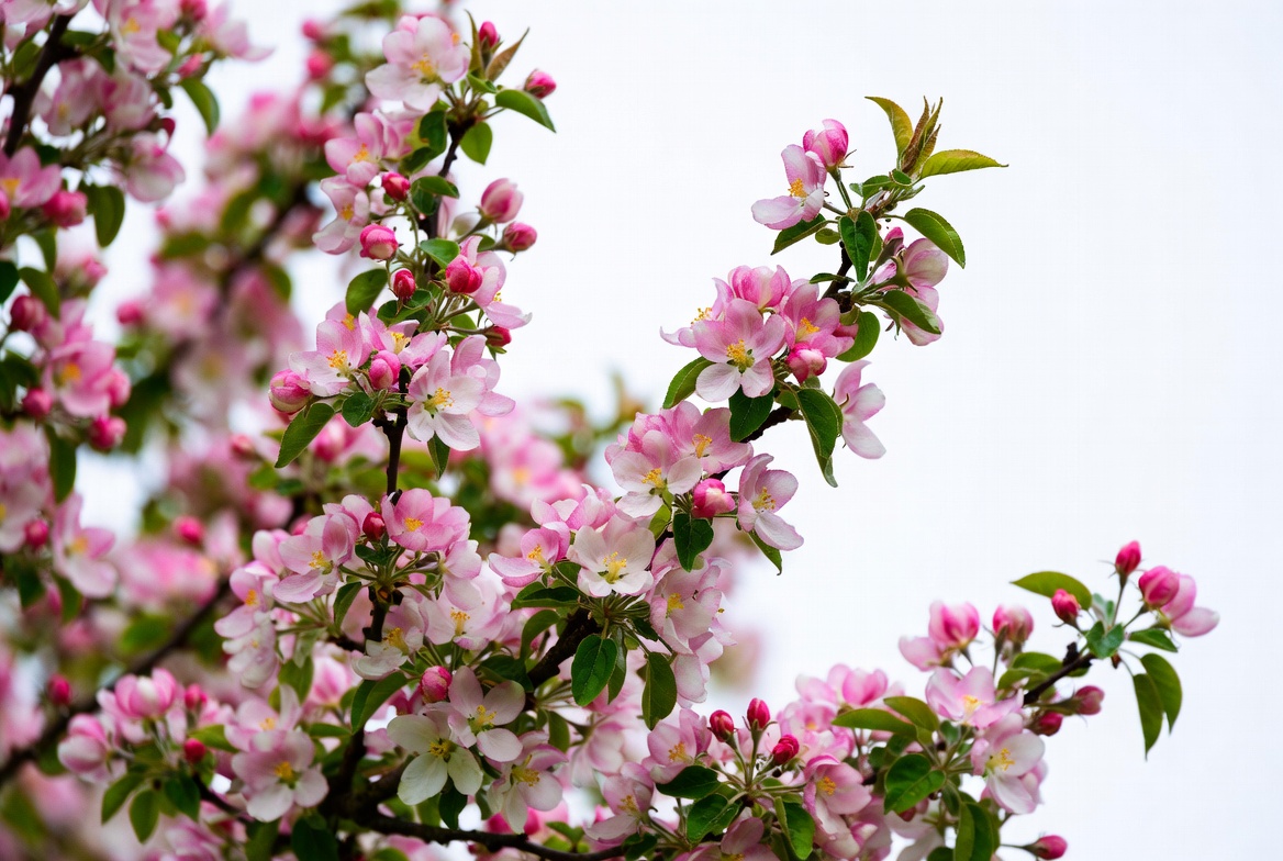 bloom, blossoms, branch, cherry tree, floral, flower buds, flowering branch, fresh flowers, green leaves, isolated, macro flowers, nature, petals, pink flowers, pink petals, spring flowers, tree branch, white background, yellow centers, cherry blossoms
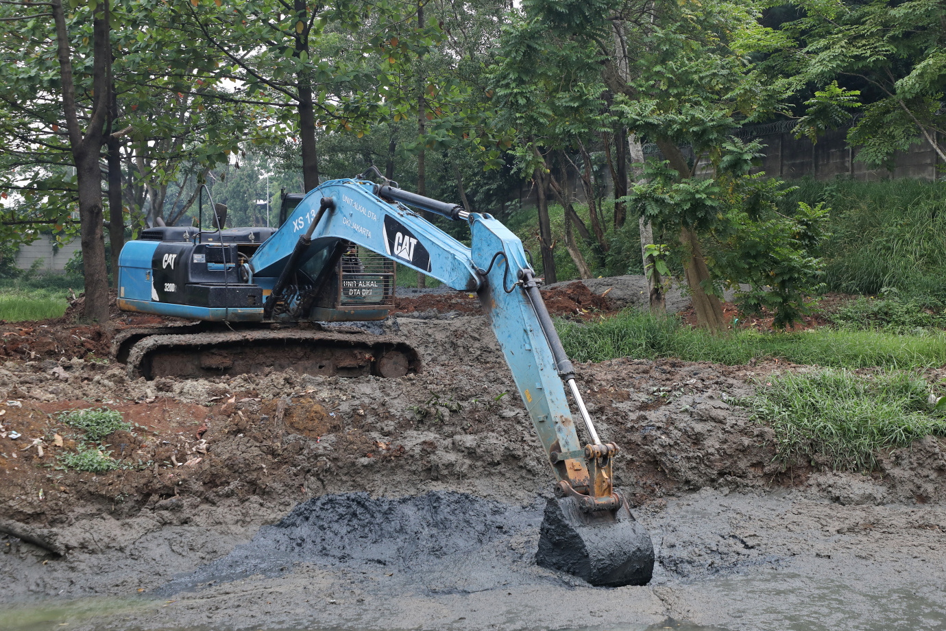 Sudin SDA Jakarta Timur lakukan pengerukan lumpur serta penambahan waduk di Taman Cempaka, Cilangkap, Cipayung, Jakarta Timur, Selasa (12/11). Kegiatan tersebut dilakukan agar waduk bisa menampung debit air lebih banyak guna mencegah terjadinya genangan atau banjir di Jakarta Timur.
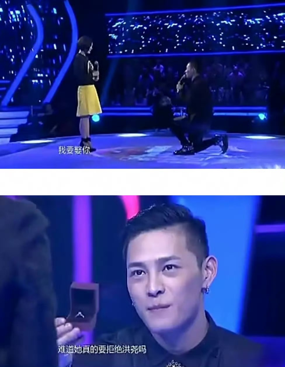 节目后续,洪尧甚至在节目中向曹赢心求婚,单膝跪地,戒指戴上,场面感人至深。
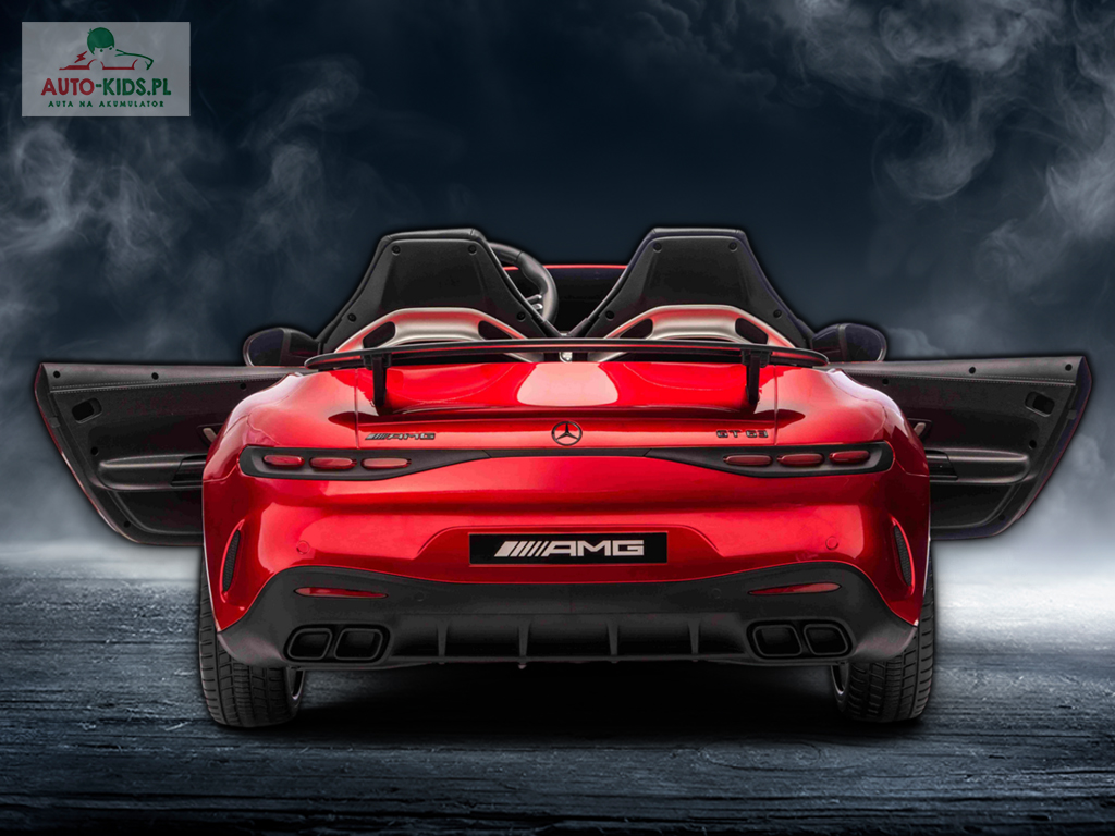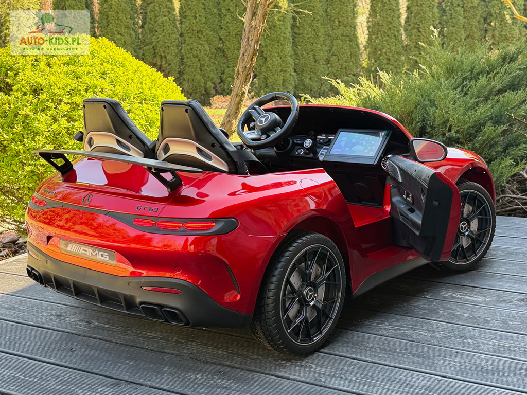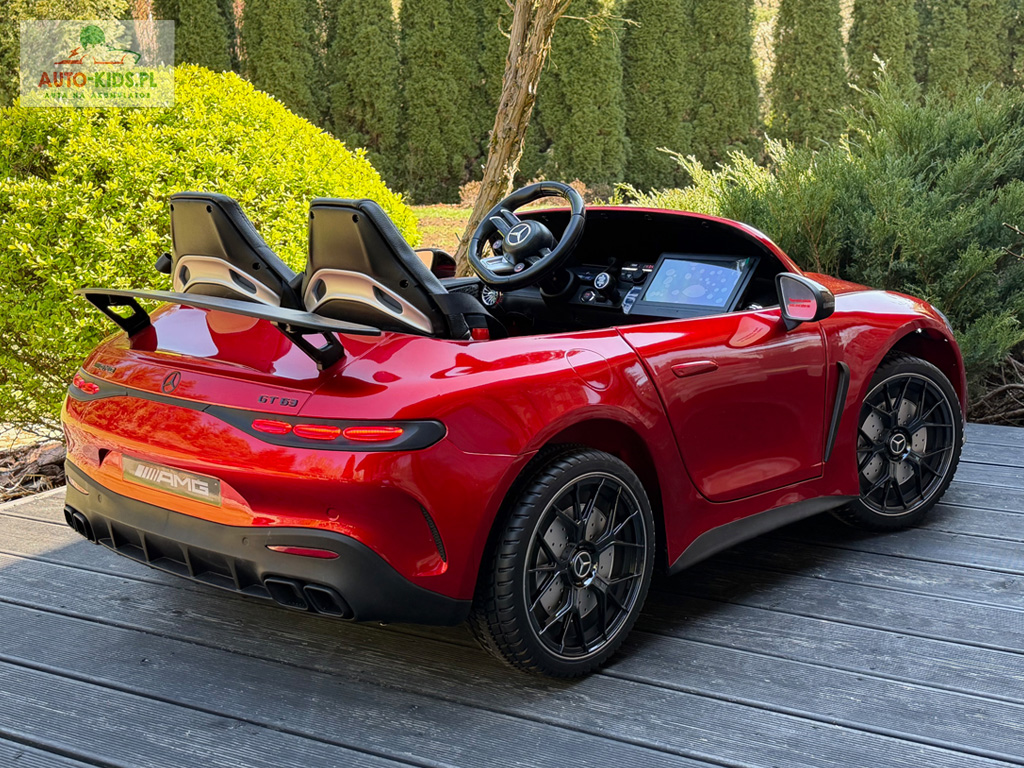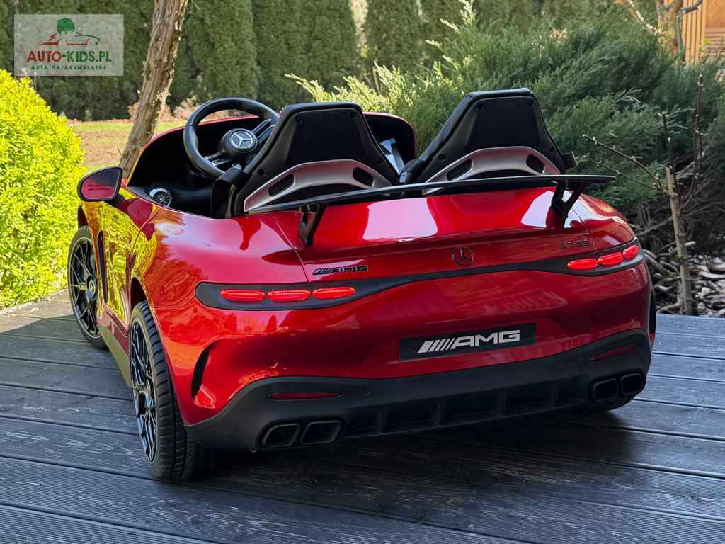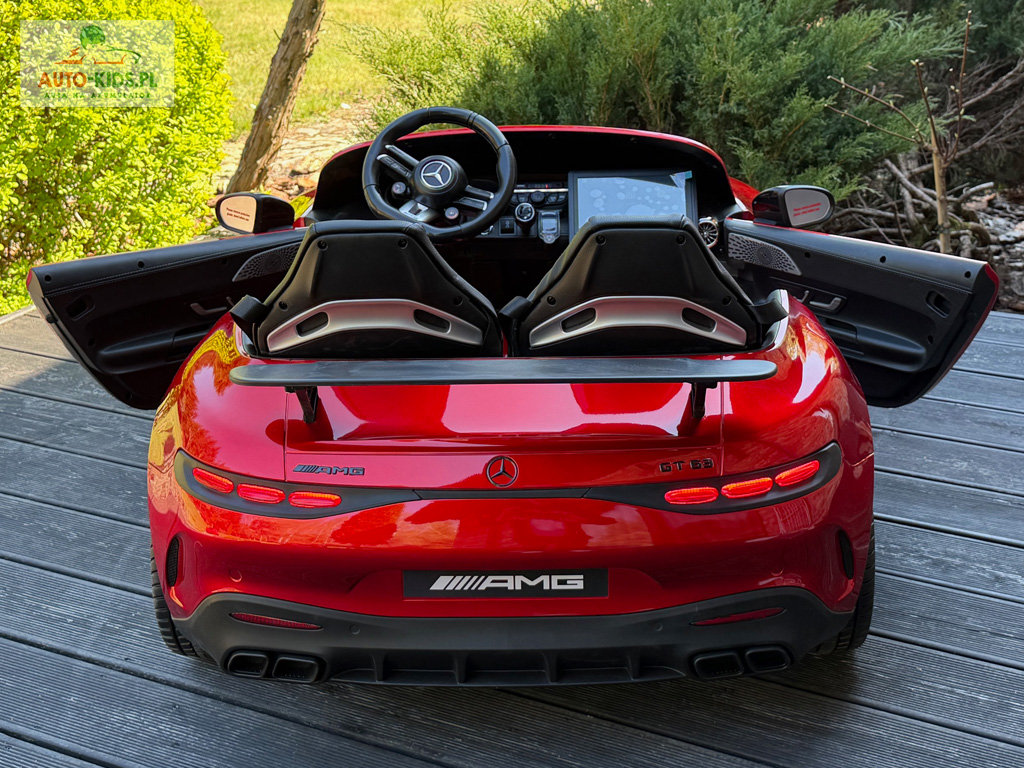 Najnowsze licencjonowane, sportowy 2-osobowy Mercedes AMG GT63 z dotykowym panelem MP4 i z najmocniejszymi silnikami 4x200W (800W!) i powiększony akumulator 24V 14Ah! Sportowy styl, eleganckie wykończenie w najbogatszej Wersji Premium!
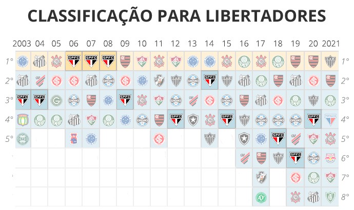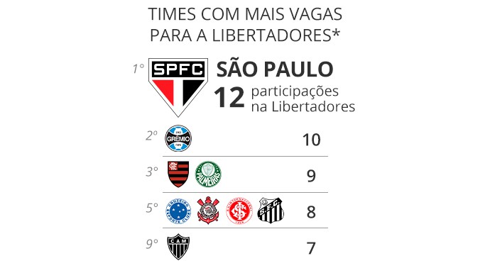 *Participações quando terminou o Brasileirão na faixa de classificação para a Libertadores, mesmo que tenha conquistado vaga por outras competições
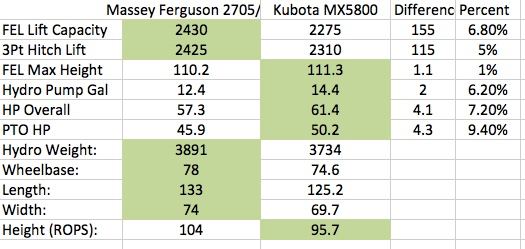 Another number to consider is that the Kubota will have slightly higher PTO HP.
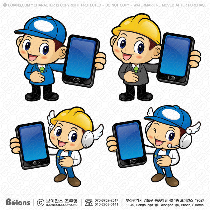 Boians Vector Service Engineer Character is holding a smart phone. SKU: BVCD002002
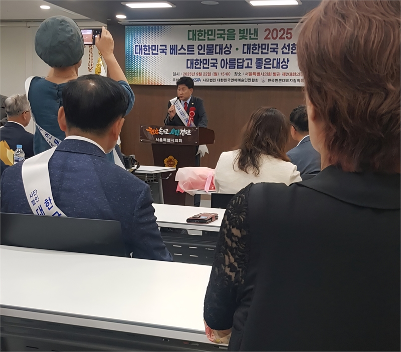 9월 22일 15시 서울시의회 별관 제2대회의실에서 사단법인 대한민국연예예술인연합회(총재 남상숙, 이사장 황계호), 한국언론대표자협의회가 주최 주관하는 2025 대한민국을 빛낸 베스트 인물대상, 선한 한국인대상, 아름답고 좋은대상 시상식행사에 지역사회를 빛낸 쟁쟁한 얼굴들이 추천되고 있다.
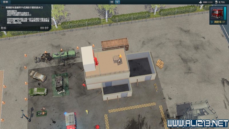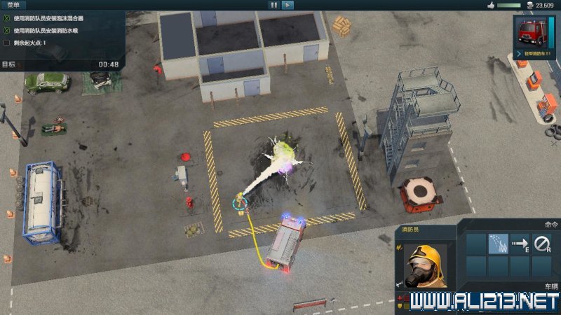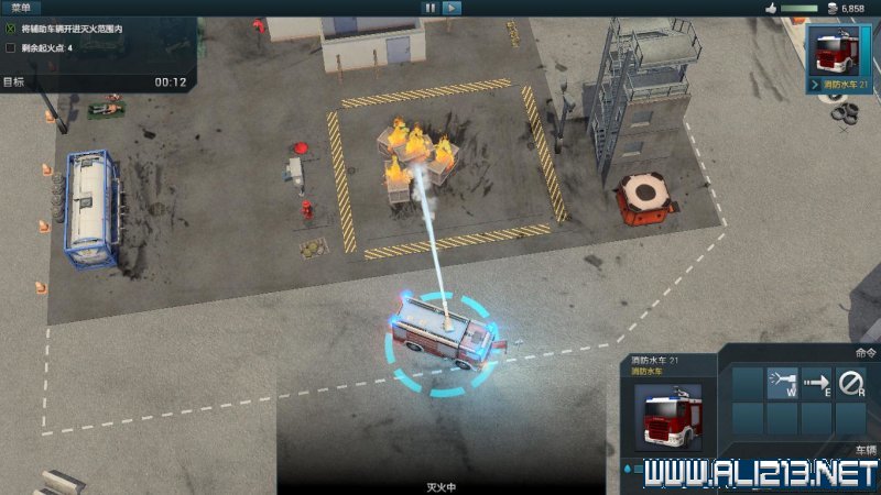 step1.将辅助车辆开进灭火范围内,辅助车辆可以使用它们强力的转台水枪扑灭大火,而不需要额外的消防员。
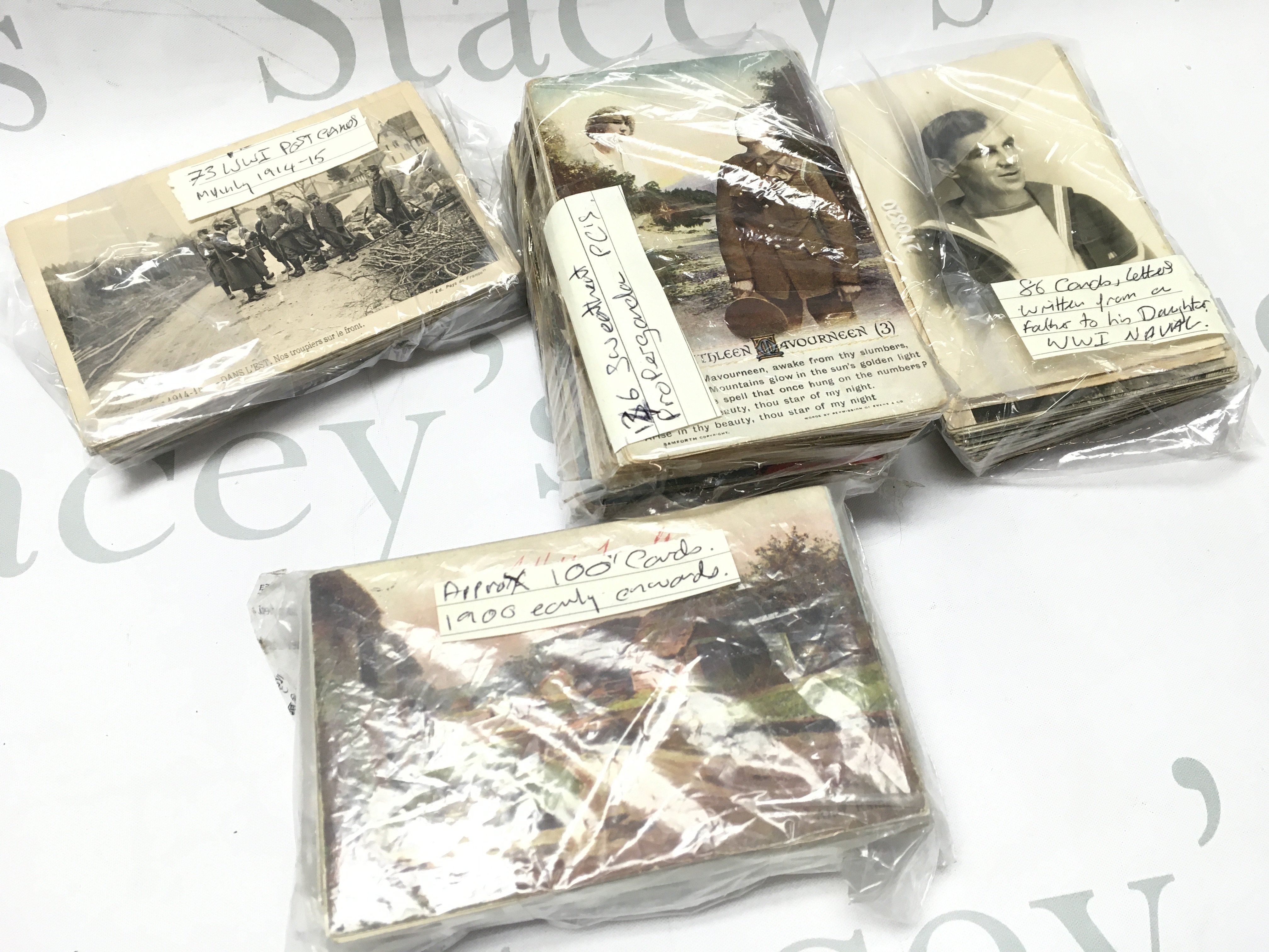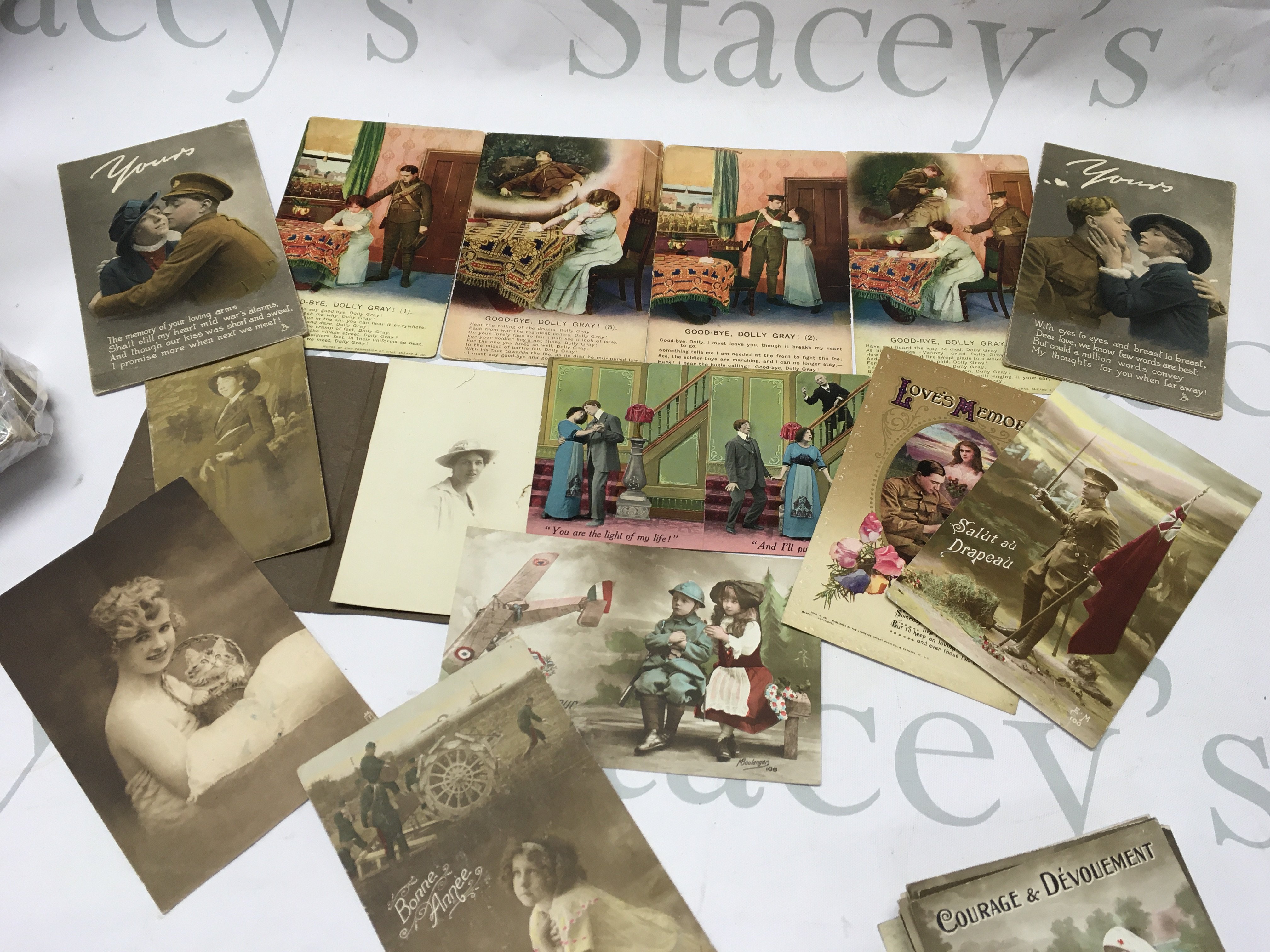 A collection of WW1 post cards including French cards, sweetheart propaganda cards and some other vintage cards . Postage cat B

##########

## Assignment
From the first line to the last, retype the data exactly, without images.

## Result below
 bloom, blossoms, branch, cherry tree, floral, flower buds, flowering branch, fresh flowers, green leaves, isolated, macro flowers, nature, petals, pink flowers, pink petals, spring flowers, tree branch, white background, yellow centers, cherry blossoms
 Sudin SDA Jakarta Timur lakukan pengerukan lumpur serta penambahan waduk di Taman Cempaka, Cilangkap, Cipayung, Jakarta Timur, Selasa (12/11). Kegiatan tersebut dilakukan agar waduk bisa menampung debit air lebih banyak guna mencegah terjadinya genangan atau banjir di Jakarta Timur.
 节目后续,洪尧甚至在节目中向曹赢心求婚,单膝跪地,戒指戴上,场面感人至深。
 Najnowsze licencjonowane, sportowy 2-osobowy Mercedes AMG GT63 z dotykowym panelem MP4 i z najmocniejszymi silnikami 4x200W (800W!) i powiększony akumulator 24V 14Ah! Sportowy styl, eleganckie wykończenie w najbogatszej Wersji Premium!
 *Participações quando terminou o Brasileirão na faixa de classificação para a Libertadores, mesmo que tenha conquistado vaga por outras competições
 Another number to consider is that the Kubota will have slightly higher PTO HP.
 Boians Vector Service Engineer Character is holding a smart phone. SKU: BVCD002002
 9월 22일 15시 서울시의회 별관 제2대회의실에서 사단법인 대한민국연예예술인연합회(총재 남상숙, 이사장 황계호), 한국언론대표자협의회가 주최 주관하는 2025 대한민국을 빛낸 베스트 인물대상, 선한 한국인대상, 아름답고 좋은대상 시상식행사에 지역사회를 빛낸 쟁쟁한 얼굴들이 추천되고 있다.
 step1.将辅助车辆开进灭火范围内,辅助车辆可以使用它们强力的转台水枪扑灭大火,而不需要额外的消防员。
 A collection of WW1 post cards including French cards, sweetheart propaganda cards and some other vintage cards . Postage cat B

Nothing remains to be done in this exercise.